COMPREHENSION blessedly flashed across Pop's fevered brain. He looked at the pad, disdainfully scratched out the wrong name and wrote the appropriate name. The doctor nodded yes approvingly. Ratched curtly nodded yes. Pop pulled out cigars.


Naturally, after two daughters, Pop just assumed it would be a girl and so wrote a girls name. Once I had my splendor flapping in the smoked filled waiting room for Pop and all else to see, my rightful name was written on the pad. 

That was the beginning of my bewildered and befuddled life. CODA-hood had reared it's unforgiving head.


Not being satisfied with his attempt to give me a girl's name, Pop further confused me with my sign name. Sign names are a precious and highly personal sign given to each child by their deaf parents. Sign names are to be cherished and beloved. Parents spend endless hours studying their children's personalities, physical features, distinctive manorisums; all in the hopes of creating the personification of their children in a sign name. A sign name so perfectly matched to each child, so as to render an instant mental image of the child in everyone's mind when the sign is produced.


I was not any different. My sign name had been careful thought out and crafted, as had my two sisters' sign names. Yet, that's where my Pop once again sent me down the road of confusion.


See, every time I innocently did something when I was growing up, Pop would slap his forehead, point at me and make sign for my name, followed by a statement much like, "Ugggh...What are you doing boy?! Stop! Just come here now...", then sign my name again.

(I refer you dear friends, to the top of this story. There I have posted a a video clip of the sign name Pop had me believe was my name. I have been so kind as to repeat the name a few times for those who are signing impaired.)

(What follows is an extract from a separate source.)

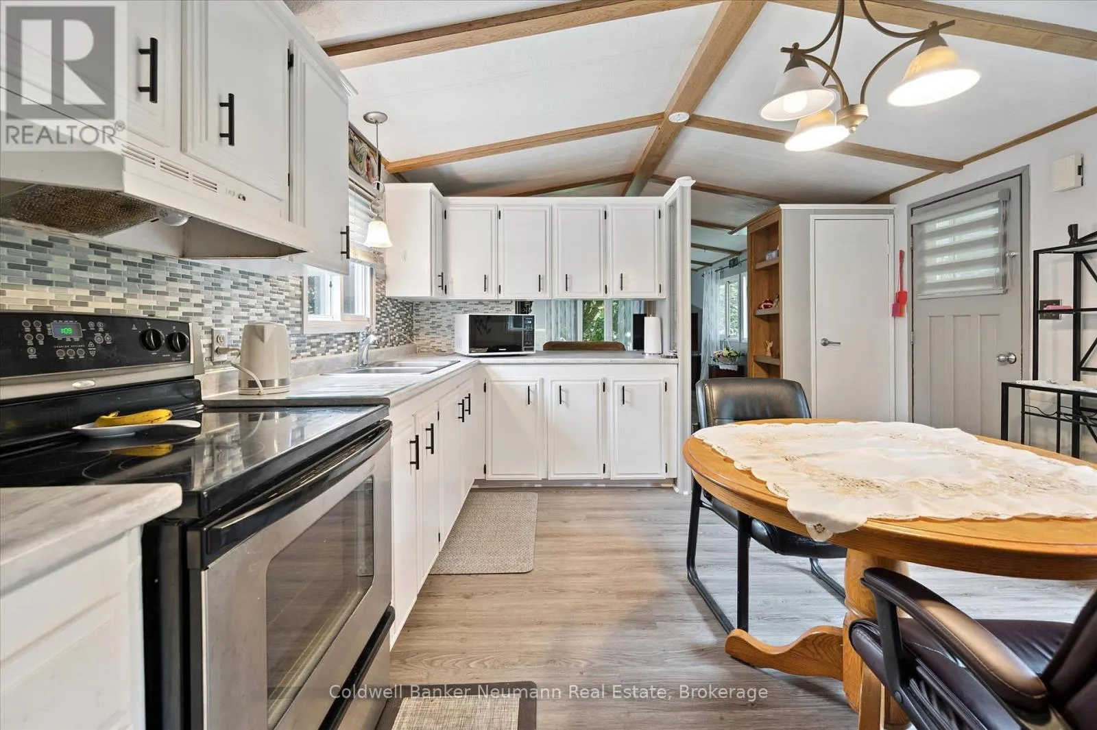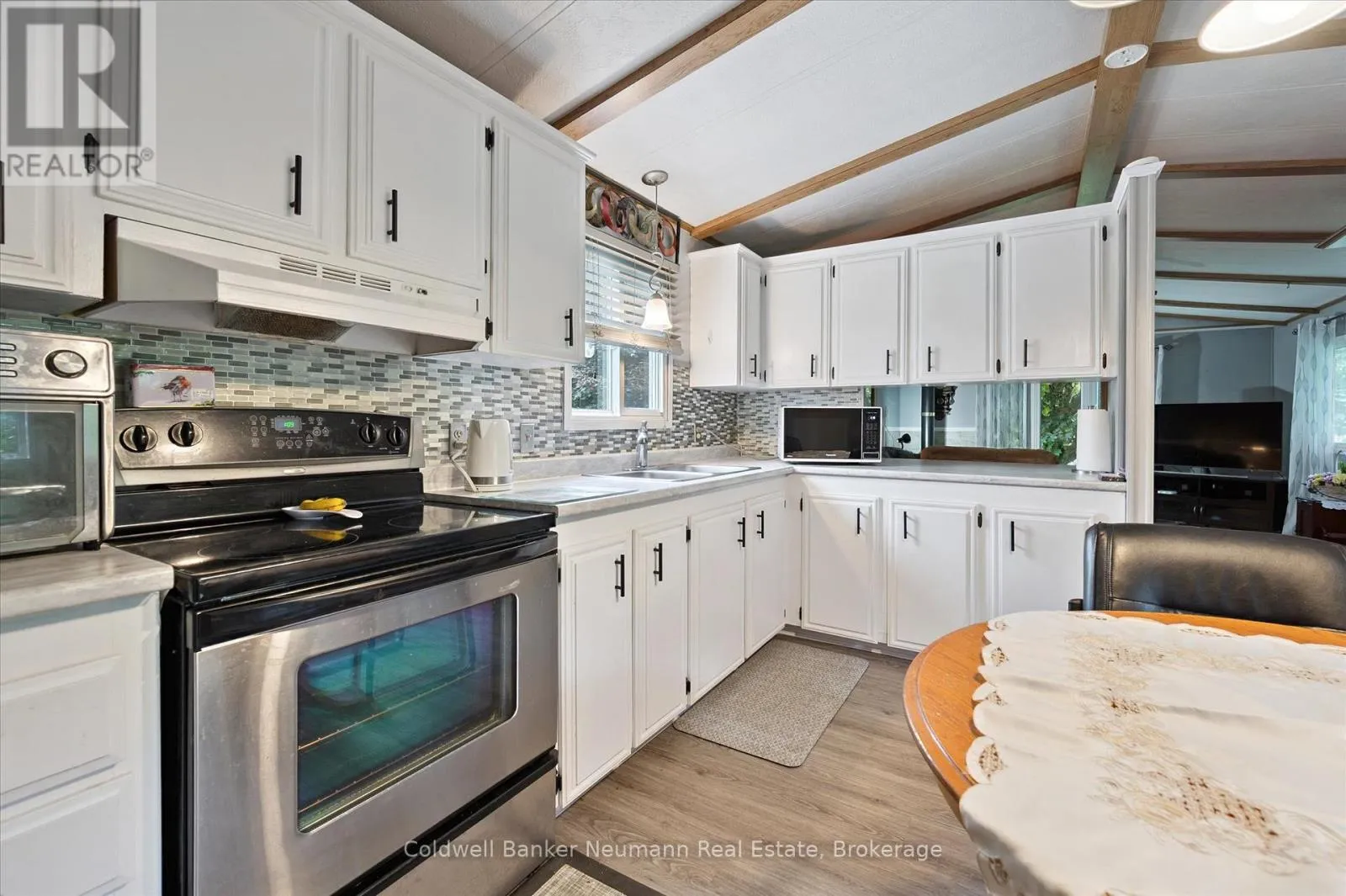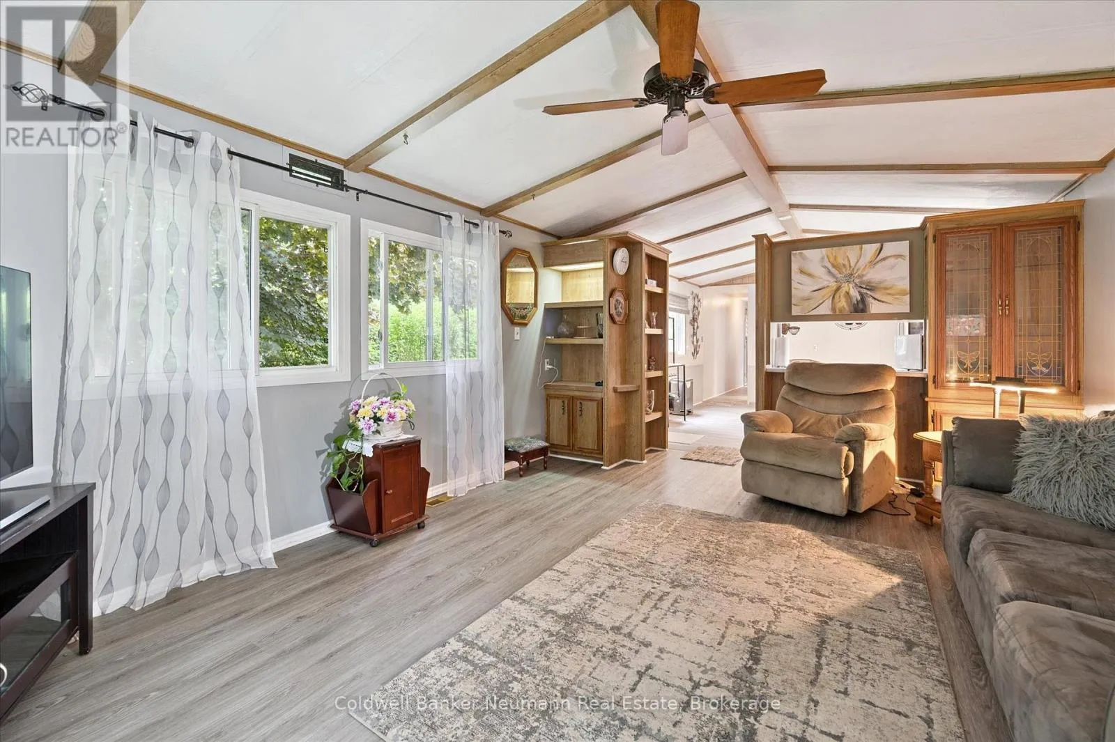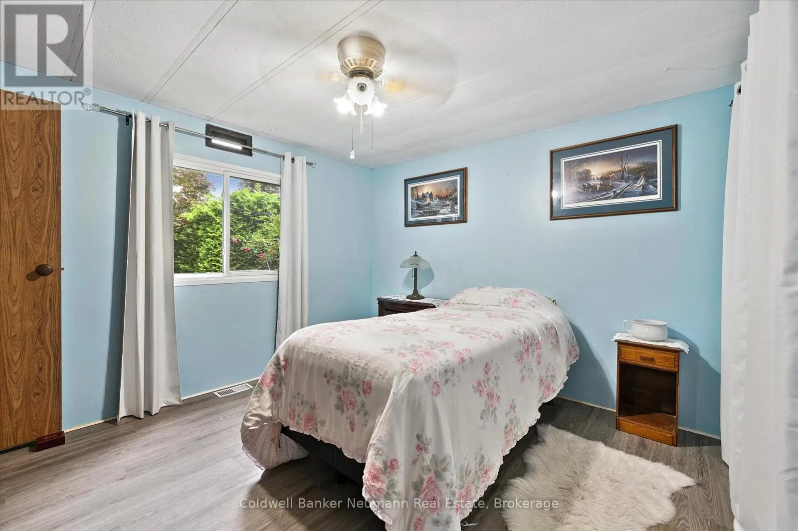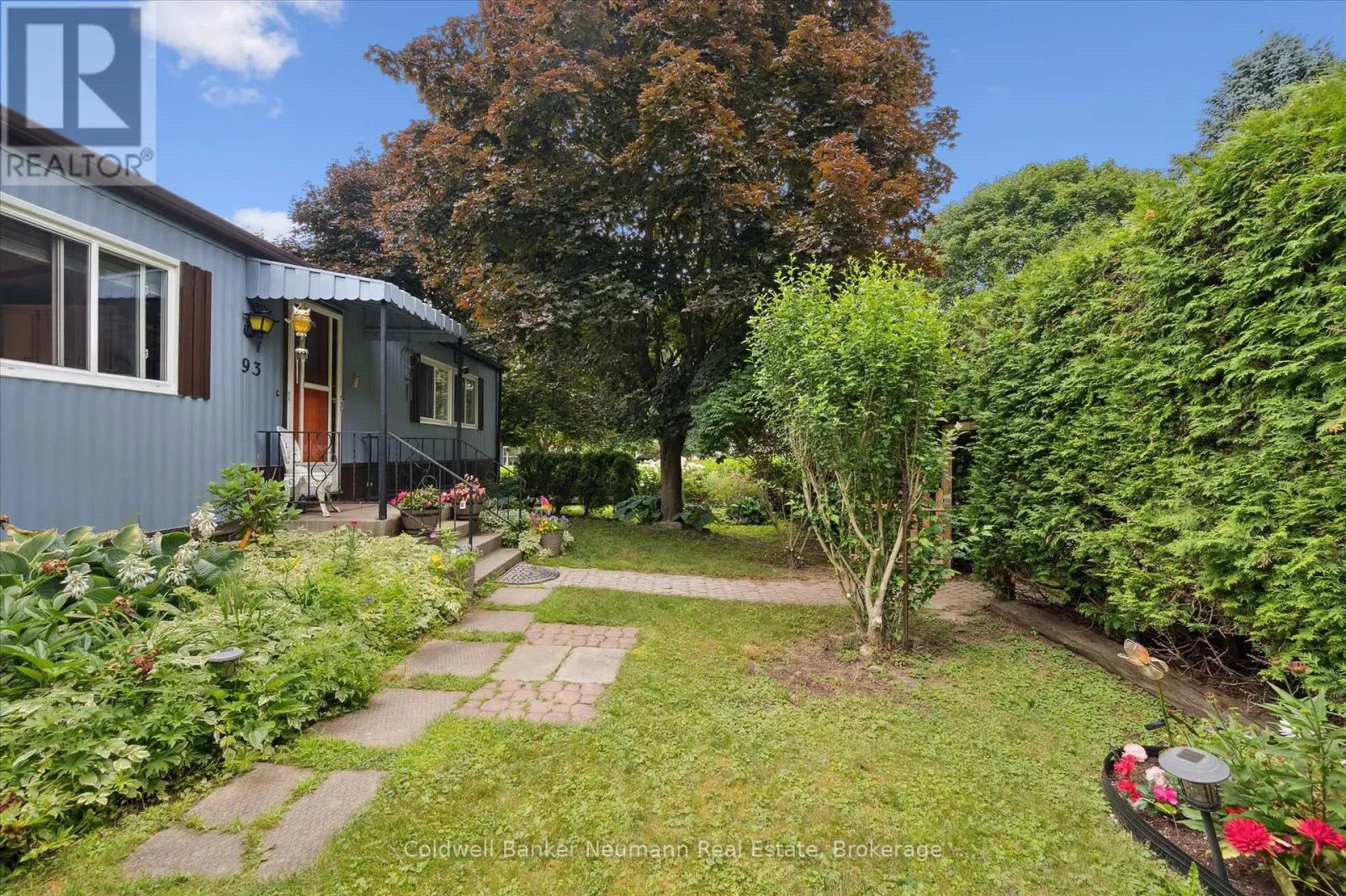 Cross Streets: Concession 8 W and Park Lane. ** Directions: Highway 6 south to Concession 8 W to 1294 (Beverly Hills Estates). Turn onto Park Lane, then take the 1st road to the left (Maple) and follow to 93. Privacy plus!! This well maintained 2 bedroom bungalow is surrounded by an 8 foot hedge, which allows ultimate privacy from others! The only thing to be seen from the road is the double paved driveway and shed. Inside you will find a generous size eat-in kitchen, living room with propane stove, updated 3 piece bathroom combined with laundry and a primary bedroom with wall to wall closet. The exterior vinyl siding was painted about 2 years ago, furnace and central air is about 7 years old, the windows and roof about 10 years ago. Located on a street with great neighbours! This modular home is located within Beverly Hills Estates, a residential modular home park, with a community centre and scheduled events for residents to join (or not!) All homes are owner occupied-no rentals! Come out and see this wonderful affordable home in a great community! (id:27476)

 What Pop had me believing was my sign name, till I reached the tender college years, was in fact not my name at all. The sign Pop constantly used in reference to me was the sign for "incompetent", "inept", "moron"...(I"ll stop here, for the point has been made.) All along Pop had been signing, "You, nincompoop! Uggghhhh! What are you doing boy?! Stop! Just come here now...Nincompoop!" Not, "You, Steve! Uggghhhh! What are you doing boy! Stop! Just come here now...Steve!".


You see now why I'm so bewildered. I had it impressed on me from the start by Pop. CODA-hood is not a spectator sport and clearly not for those of weaker constitutions.